Comme le montre la courbe exponentielle rouge du graphique, il existe une relation positive entre l’avancée de la transition religieuse et le vote de Jair Bolsonaro (avec un R2 de 52%). De toute évidence, la variable religion n’est pas la seule à expliquer le résultat électoral de 2018, mais elle avait un poids fondamental.
On peut noter sur le graphique que les quatre Etats [5] les plus avancés de la transition religieuse (Rondônia, Roraima, Acre et Rio de Janeiro) ont donné une victoire retentissante au candidat du Parti social-libéral. Les Etats du Nordeste (qui ont la plus faible proportion d’évangéliques) ont donné une victoire significative au candidat PT. Le petit Etat du Piauí, qui a le plus faible REC (catholiques), est celui qui a donné la plus grande proportion de voix à Haddad (RBH pourtant inférieur). Mais comme la religion n’explique pas tout, le cas de Santa Catarina montre que la deuxième plus forte proportion de votes pour Bolsonaro (taux élevé de RBH) s’est produite dans un Etat où la présence évangélique est faible (faible ratio de catholiques – REC).
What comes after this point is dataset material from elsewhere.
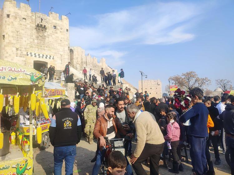 Günlerdir kutlamaların sürdüğü Halep’te, binlerce sivil Halep Kalesi önüne gelerek bol bol hatıra fotoğrafı çekip, davul zurna eşliğinde halaylar çekerek Beşar Esad ve Baas rejimi döneminin sona ermesini kutluyor.
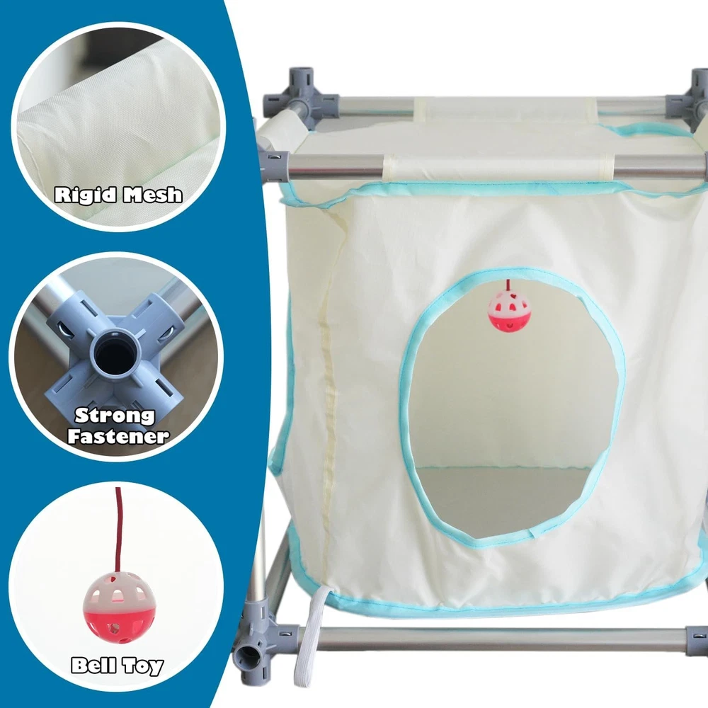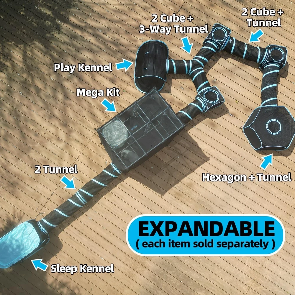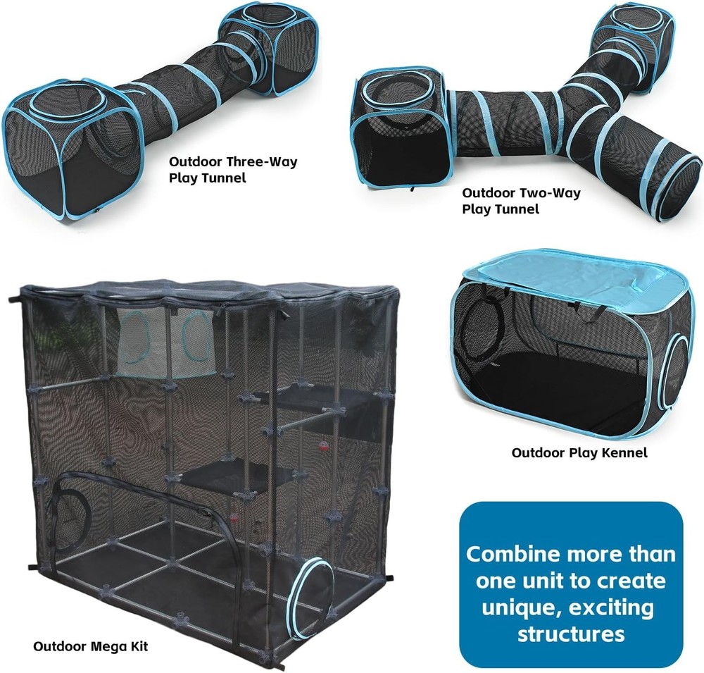 About this item SPACIOUS DESIGN : Ideal for multi-cat households, the Mega Kit offers ample room to run, hide, and play. With dimensions of 47.2 x 47.2 x 31.5(in), it’s a comfortable haven for your feline friends. MODULAR DESIGN : Our Mega Kit features a modular design, allowing you to mix and match different components to create a unique and personalized cat haven. Tailor the setup to your cats’ preferences and watch them explore their one-of-a-kind space. DURABLE CONSTRUCTION : Crafted from sturdy nylon mesh and robust aluminum pipes, this catio ensures long-lasting durability and stability. CONVENIENT MULTIPLE ENTRANCES : The Mega Kit features multiple entrances, allowing your cats to come and go independently, promoting exercise and playtime. SAFETY & FUNCTIONALITY : Our Catio provides a secure outdoor experience while safeguarding your cats from potential hazards. It’s the perfect blend of safety and fun. Color: Mega Kit Brand: Material: Aluminum, Nylon, Plastic Product Dimensions: 47"L x 47"W x 31"H Style: Modern

Jair Bolsonaro lors du culte dans le temple de l’Assemblée de Dieu (Asemmbleia de Deus), avec le pasteur très connu : Silas Malafaia
En bref, le vote évangélique a été décisif lors de l’élection présidentielle de 2 018. En raison de l’égalité distributive du vote au sein de la population catholique, la grande victoire de Bolsonaro parmi les évangéliques (plus de 11 millions de voix) a été suffisante pour assurer un avantage d’un peu moins de 11 millions de voix (les 10,76 mentionnés) lors du deuxième tour du 28 octobre.
L’avancée des évangéliques dans la société est un processus connu. L’avancée des évangéliques en politique (comme dans le Front parlementaire évangélique) est également un processus connu. Ce qui pourrait être considéré comme une surprise, c’est l’anticipation de l’arrivée des évangéliques au palais présidentiel (Planalto) et l’ampleur de la victoire en 2018. Les évangéliques sont sans aucun doute devenus une force politique décisive.
Il reste à voir si cela deviendra soit un vecteur d’avancée de l’entreprenariat et de réduction de la pauvreté (comme le prêche « la théologie de la prospérité » des évangéliques), soit un vecteur de conservatisme comportemental et de restriction des libertés démocratiques, comme le confirme l’orientation du capitaine Jair Messias Bolsonaro.
Le monde fonctionne par « cycles ». Le cycle actuel, du moins à court et à moyen terme, tend à favoriser l’influence évangélique au Brésil.